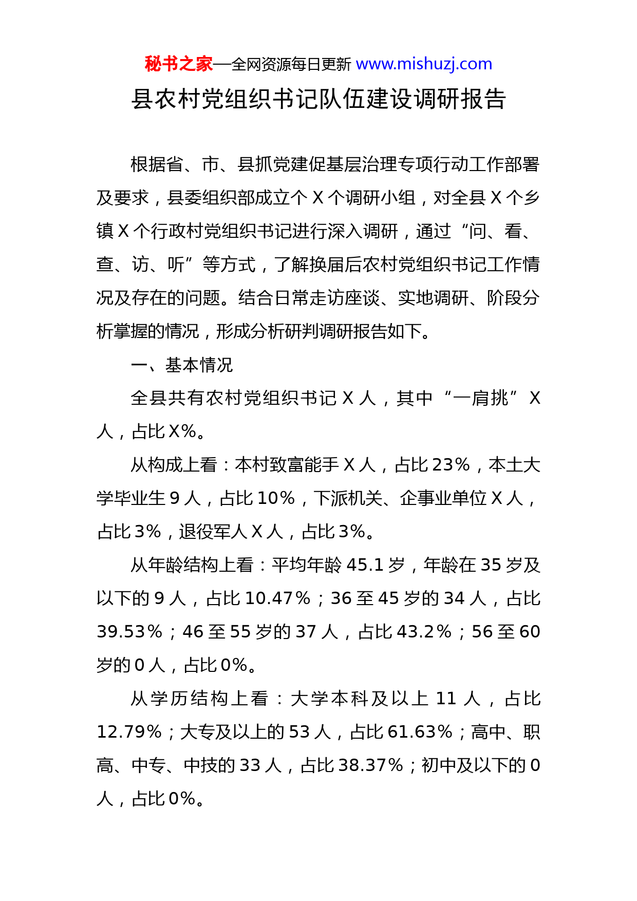 秘书之家—全网资源每日更新www.mishuzj.com县农村党组织书记队伍建设调研报告根据省、市、县抓党建促基层治理专项行动工作部署及要求,县委组织部成立个X个调研小组,对全县X个乡镇X个行政村党组织书记进行深入调研,通过“问、看、查、访、听”等方式,了解换届后农村党组织书记工作情况及存在的问题。结合日常走访座谈、实地调研、阶段分析掌握的情况,形成分析研判调研报告如下。一、基本情况全县共有农村党组织书记X人,其中“一肩挑”X人,占比X%。从构成上看:本村致富能手X人,占比23%,本土大学毕业生9人,占比10%,下派机关、企事业单位X人,占比3%,退役军人X人,占比3%。从年龄结构上看:平均年龄45.1岁,年龄在35岁及以下的9人,占比10.47%;36至45岁的34人,占比39.53%;46至55岁的37人,占比43.2%;56至60岁的0人,占比0%。从学历结构上看:大学本科及以上11人,占比12.79%;大专及以上的53人,占比61.63%;高中、职高、中专、中技的33人,占比38.37%;初中及以下的0人,占比0%。秘书之家—全网资源每日更新www.mishuzj.com奖惩情况:受到省、市、县奖励的8人,占比9.3%;受到处分的2人,占比2%二、工作开展情况(一)思想政治方面政治站位较高,能够学习、宣传和贯彻执行党的路线方针政策和党中央、上级党组织及本村党员大会(党员代表大会)的决议。(二)村党组织建设方面能够教规范组织开展党的组织生活,加强党员主体意识。督促党员履行义务,抓好入党积极分子的教育和培养。带头执行党风廉政建设各项规定,抓好对村“两委”班子成员的教育管理和监督。(三)联系群众方面了解群众所思所想,听取群众对村党支部工作的意见建议,做好思想政治工作。组织党员干部为群众办实事做好事,及时解决涉及群众切身利益的实际问题,做好困难群众帮扶工作。坚持服务群众、依靠群众,组织村民群众有序参与村经济民主选举、民主决策、民主管理、民主监督实践,支持和保障村民依法开展自治活动。(四)维护农村稳定方面加强村民群众教育,提高群众的法律意识、道德素质和集体观念。抓好社会治安综合治理、平安创建、人民调秘书之家—全网资源每日更新www.mishuzj.com解、计划生育等工作。疏导和化解矛盾纠纷,促进社会和谐稳定。。三、存在的问题(一)整体素质不高,无能力干事。从构成上看,新任党组织书记X人,占比54.6%;从年龄结构上看,年龄在35岁及以下的X人,占比10.47%,46至55岁的X人,占比43.2%;从学历上看,大专及以上的X人,占比X%,且多为函授。村党组织书记队伍整体年龄结构偏大、学历偏低,能力素质不高,致富带富能力不强,与当前推进乡村振兴战略、巩固脱贫成果的工作的需求不相适应。突出表现在三个方面:一是致富带富能力与群众盼望致富、过上幸福生活的要求不适应;二是工作方式方法与创新农村社会治理的要求不适应,不少党组织书记还没有从旧的工作方式中解脱出来,存在着“老办法不适用,新办法不会用,软办法不管用,硬办法不敢用”的问题,不知道该如何开展工作,遇事经常束手无策;三是服务意识与群众需求不适应。当前,村民在生产、信贷、销售、劳务输出等经济领域,在居住、文教、养老等社会领域,期盼着能够得到越来越多的优质高效的服务,而不少村组织书记的工作仅限于传达会议精神、宣传政策、帮助争取贷款、组织发放补贴等浅层次服务工作上,群众不认可、不买账。秘书之家—全网资源每日更新www.mishuzj.com(二)工作任务重,疲于应付。现在农村的工作越来越多,党建、乡村振兴、防返贫监测、美丽乡村、综治为慰问、疫情防控等等,各种工作让村“两委”干部应接不暇,村党组织书记作为各项工作的领导者、推动者,任务更加重。为满足各项工作任务要求及检查,很多时候不得不疲于应付。(三)任务推动人数不足,无人想干事。一是随着城镇化进程的加快,农村人口流动日趋活跃,大批有文化的青年、有能力先富起来的人员流向城市、城镇安家落户;大量的优秀人才通过考取大中专院校输送出去,回到农村的几乎为零,既使有些回到农村,也不愿长期呆在村里当村干部。本土发展基础薄弱“难留人”,能力强、素质高的人才“不愿留”,村干部来源受限。二是部分“两委”班子成员由于工资报酬较低,不能养家糊口,不得不外出打工,造成村“两委”干部有效工作力量不足。四、对策建议(一)多措并举,激发村党组织书记工作主动性、积极性。一是按照《XX县村党组织书记星级化管理实施方案》和《XX县村党组织书记星级化管理实施细则》对村党组织书记进行星级化管理。对于业绩突出、星级较高的X周岁及以下,具有大专及以上学历,表现优秀、群众公认的党组织书记采取业绩考核、组织考察等方式,通过专项秘书之家—全网资源每日更新www.mishuzj.com招聘纳入乡镇事业编制,并继续在村工作;对于因年龄、学历等因数不宜纳入乡镇事业编制的,但业绩突出、星级较高的村党组织书记可通过业绩考核、组织考察等方式,经县委批准,参照同等事业编村党组织书记核定报酬待遇。二是从严从紧对党组织进行考核。每年乡镇党委对村党组织书记进行年度考核,对于连续两年评为“不合格”的党组织书记进行约谈,撤职更换。(二)多管其下,提升村党组织书记整体素质,综合能力。一是外出参观学习。疫情过后,分批分期组织外出考察学习,帮助拓宽视野、开阔眼界、
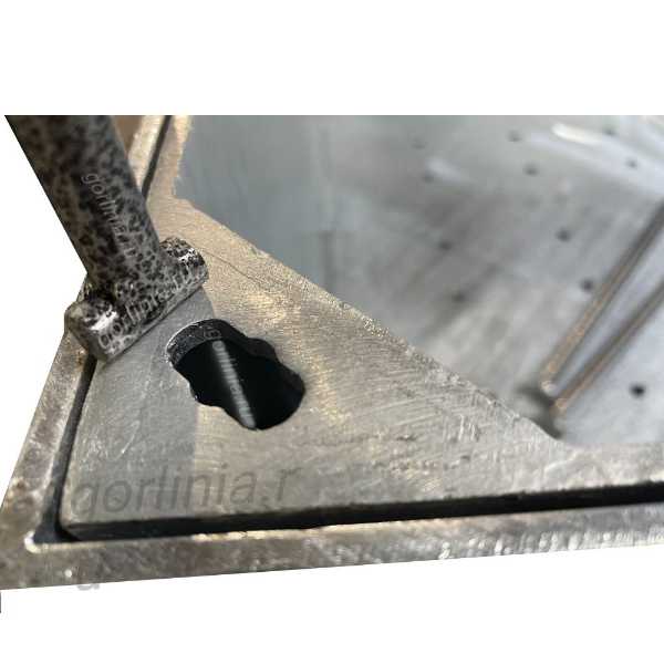 Изделие изготовлено из чернового проката 5мм с покрытием методом горячего цинкования в ваннах с расплавом цинка. Снизу в дне вырезаны дренажные отверстия D10 с шагом 70-100 мм для сходы воды от полива.
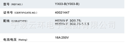 宁波云环电子集团有限公司创建于1985年,所属43家紧密层企业,二家高科技企业。现拥有固有资产2.2亿元。占地面积35万平方米,建筑面积25万平方米,员工2800人,专业生产电源线,橡胶线,插头,插座,线盘,灯具及小家电产品。公司从1989年起积极采用国家和国际标准组织生产,以获得国家CCC;美国UL,CUL;德国VDE,GS;英国的BSI;荷兰的KEMA;澳大利亚SAA等二十个国家的安全认证,并通过了ISO9001;2000质量管理体系认证,公司采用EPR管理系统。公司奉行以“优质拓市场,诚信赢顾客”的质量方针,立足国内,面向世界,产品畅销欧洲,美洲,澳洲,非洲,中东,南非等国家和地区。云环商标被认为浙江省著名商标。
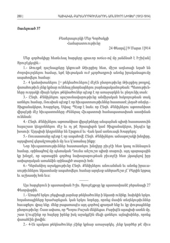 Յաւելուած 37 Բետերսպուրկի Մեր Գործակցի Համարատուութիւնը 24 Փետրվ.[/9 Մարտ 1]914 Մեր գործակիցը հետեւեալ հարցերը գրաւոր notice- ով մը յանձնած է Իշխ ան [] Տրուբէցկօյին.- 1.- Թուղթէ դաշնագրերը կնքուած Թիւրքիոյ հետ միշտ աղետալի եղած են , ժողովուրդներու համար եթէ նիւթական ուժ չգործադրուի անոնց իրականացումը , ապահովելու համար : 2.- 4 կանտիտաներու [= թեկնածուներու մէջէն ընտրութիւնը Թիւրքիոյ թողլով] , վստահութիւն չենք կրնար ունենալ ընտրեալներու բարեացակամութեան Պետութիւն : -ները ուղղակի միայն երկու թեկնածուներ պէտք է որ առաջարկեն եւ ընդունիլ տան : 3.- Ընդհ Քննիչներու պաշտօնավարութիւնը անմիջական հսկողութեան տակ. առնելու համար Ռուսիան պէտք է որ հիւպատոսութիւններ հաստատէ չեղած տեղեր , .- Տիգրանակերտ Խարբերդ Սվազ Պէտք է նաեւ որ Ընդհ Քննիչներու աթոռանիստ, , : . վիլայէթի մէջ հիւպատոսները Ժեներալ Հիւպատոսի համապատասխան աստիճան ունենան: 4.- Ընդհ Քննիչներու աթոռանիստ վիլայէթները անպայման պիտի հաստատուին. հայաշատ կեդրոններու մէջ եւ ոչ թէ Տրապիզոն կամ Տիգրանակերտ ինչպէս կը , խօսուի Այդպիսի կեդրոններ են Էրզրում եւ Վան կամ առնուազն Խարբերդ: : 5.- Ռուսաստանը պէտք է որ ապահովէ Ընդհ Քննիչներու ամսաթոշակի խնդիրը . , այդպիսով գերակշռութիւն մը եւս կ՚ստանայ ինքը : Նոր հիւպատոսութիւններ հաստատելու խնդիրը բիւջէի հետ կապ ունենալուն համար օրինագծով մը պետական Դումա անշուշտ պիտի տարուի այդ պարագային, . կը խնդրէ որ արտաքին գործոց նախարարութեան բիւտջէի հետ չկապելով իբր , ստիպողական առանձին օրինագիծ տարուի հոն : 6.- Գերմանիոյ աջակցութիւնը Ընդհ Քննիչներու անուանման եւ անոնց իրաւա . -սութիւններու նկատմամբ ապահովելու համար արդեօք անհրաժեշտ չէ՞ Բերլին երթալ եւ աշխատիլ հոն եւս : ––––– Այս հարցերուն ի պատասխան Իշխ Տրուբէցքօյը կը պատասխանէ բերանացի . 27 Փետրվարին. 1.- Առայժմ երկու բելգիացի յարմար թեկնածուներ ի նկատի ունինք նախկին երկու . հոլանտացիները հրաժարեցան կան երկու նորերը որոնց մասին տեղեկութիւններ . , հաւաքելու վրայ ենք մենք բացառապէս այդ գործով զբաղած ենք եւ կը փութացնենք . ընտրութիւնը Շատ ափսոս որ Պօղոս Բաշան մեկնեցաւ Բարիզէն այսպիսի ատեն մը: , . շատ կ՚ուզէինք որ հայերը իրենք իսկ աջակցէին մեզի գտնելու այնպիսիներ որոնց , վստահէին լիովին : 2.- 4- էն պակաս թեկնածուներ չէինք կրնար առաջարկել չենք կարծեր թէ միւս . 280 |ՀԱՅԿԱԿԱՆ ԲԱՐԵՆՈՐՈԳՈՒՄՆԵՐՈՒՆ ԱՌՆՉՈՒՈՂ ՆԻՒԹԵՐ (1912-1914)

# Exercise instructions
From the data above, return only the lines starting at the line that holds "Изделие изготовлено из" and ending at the line that holds "宁波云环电子集团有限公司创建", word for word and without pictures.

# Exercise answer
 Изделие изготовлено из чернового проката 5мм с покрытием методом горячего цинкования в ваннах с расплавом цинка. Снизу в дне вырезаны дренажные отверстия D10 с шагом 70-100 мм для сходы воды от полива.
 宁波云环电子集团有限公司创建于1985年,所属43家紧密层企业,二家高科技企业。现拥有固有资产2.2亿元。占地面积35万平方米,建筑面积25万平方米,员工2800人,专业生产电源线,橡胶线,插头,插座,线盘,灯具及小家电产品。公司从1989年起积极采用国家和国际标准组织生产,以获得国家CCC;美国UL,CUL;德国VDE,GS;英国的BSI;荷兰的KEMA;澳大利亚SAA等二十个国家的安全认证,并通过了ISO9001;2000质量管理体系认证,公司采用EPR管理系统。公司奉行以“优质拓市场,诚信赢顾客”的质量方针,立足国内,面向世界,产品畅销欧洲,美洲,澳洲,非洲,中东,南非等国家和地区。云环商标被认为浙江省著名商标。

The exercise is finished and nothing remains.